▼
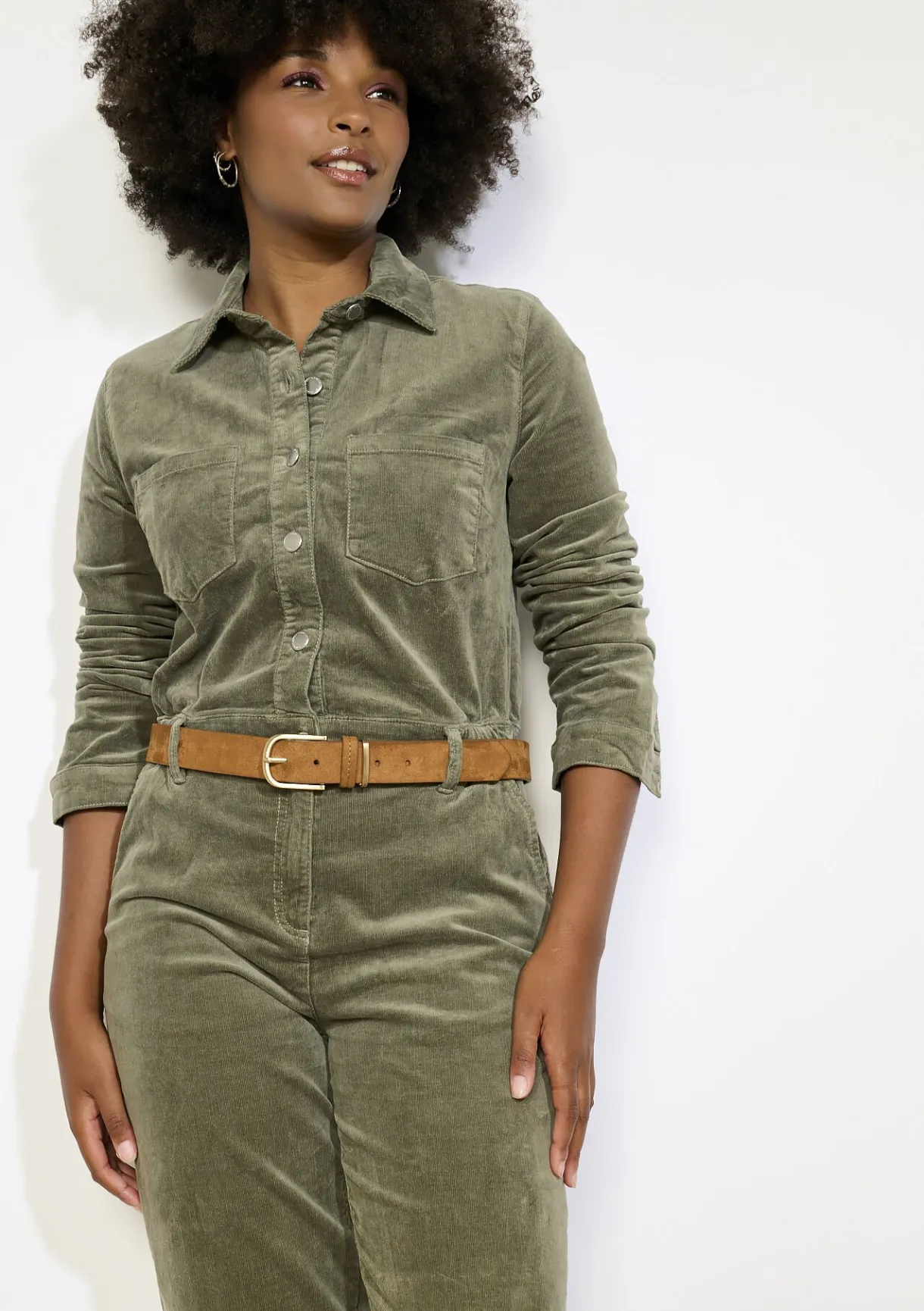 Zachte suèdine riem van 3,3 cm met gouden gesp. Binnenkant van splitleer. Ideale breedte om de taille elegant te accentueren bij jeans of jurken.
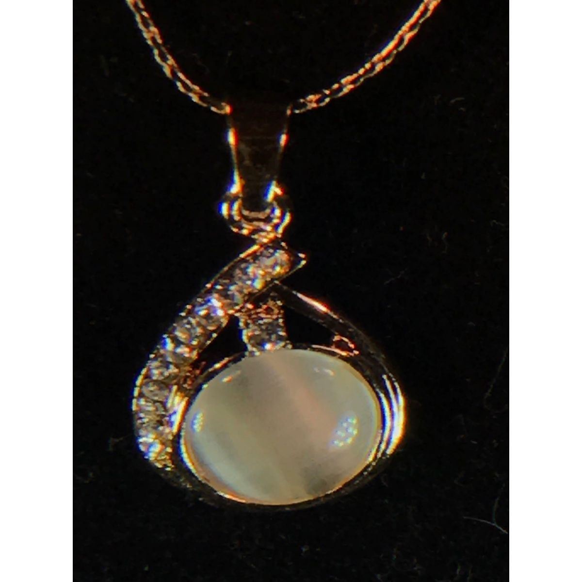 Contemporary designer necklace with opal rhinestone set in golden charm and necklace. - #294C-294-70
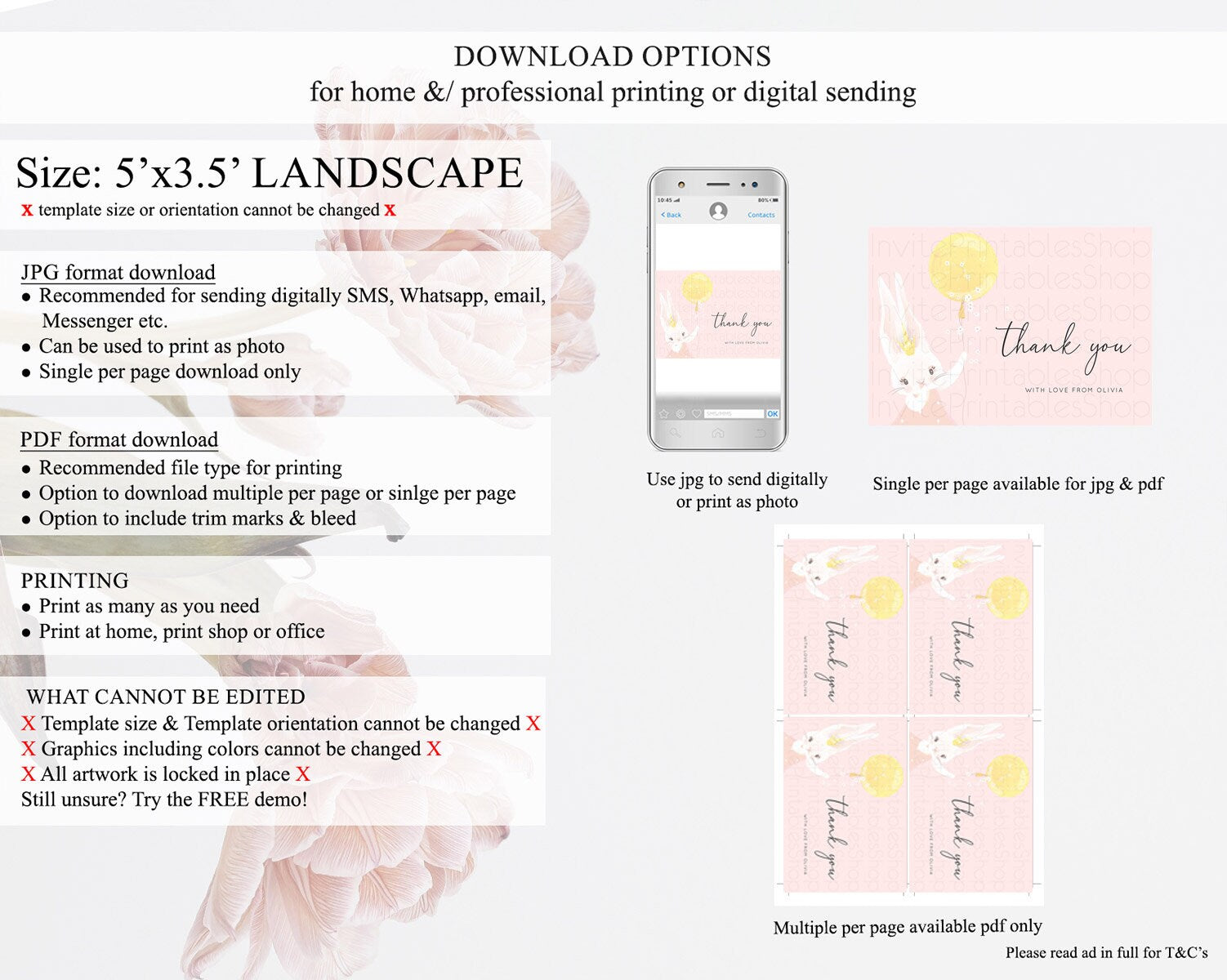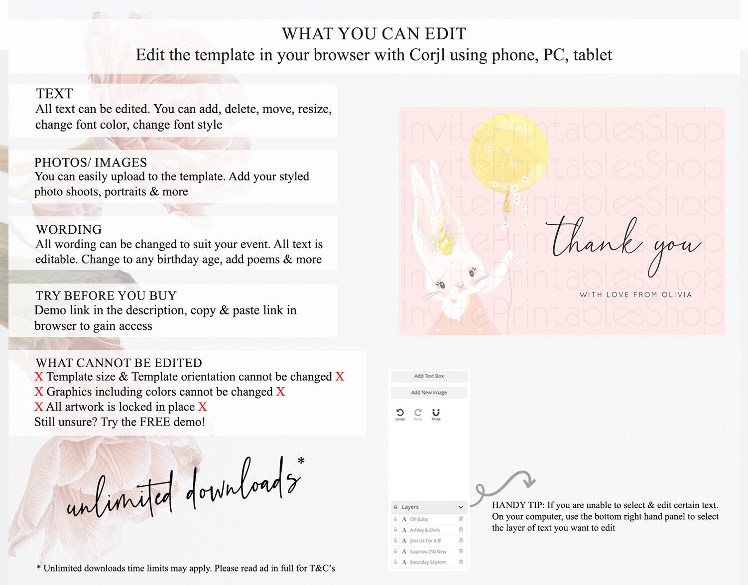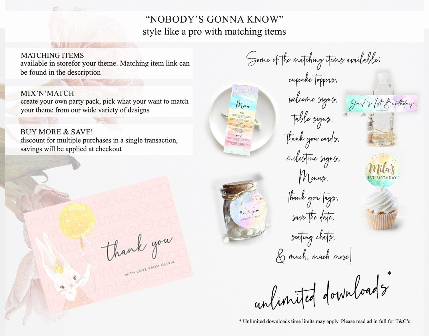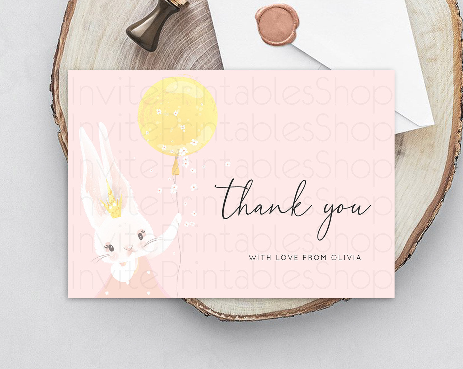 Bunny Thank You Bunny Balloon Thank You Card Colorful Pastel Confetti Birthday Thank You Card Sprinkles Bunny Teacher Thank You Card D10219
▲
* _WORK TO COMPLETE_:
Would you please retype all the data exactly? Leave out whatever pictures it holds.

* _SOLUTION TO THE EXERCISE_:
 Zachte suèdine riem van 3,3 cm met gouden gesp. Binnenkant van splitleer. Ideale breedte om de taille elegant te accentueren bij jeans of jurken.
 Contemporary designer necklace with opal rhinestone set in golden charm and necklace. - #294C-294-70
 Bunny Thank You Bunny Balloon Thank You Card Colorful Pastel Confetti Birthday Thank You Card Sprinkles Bunny Teacher Thank You Card D10219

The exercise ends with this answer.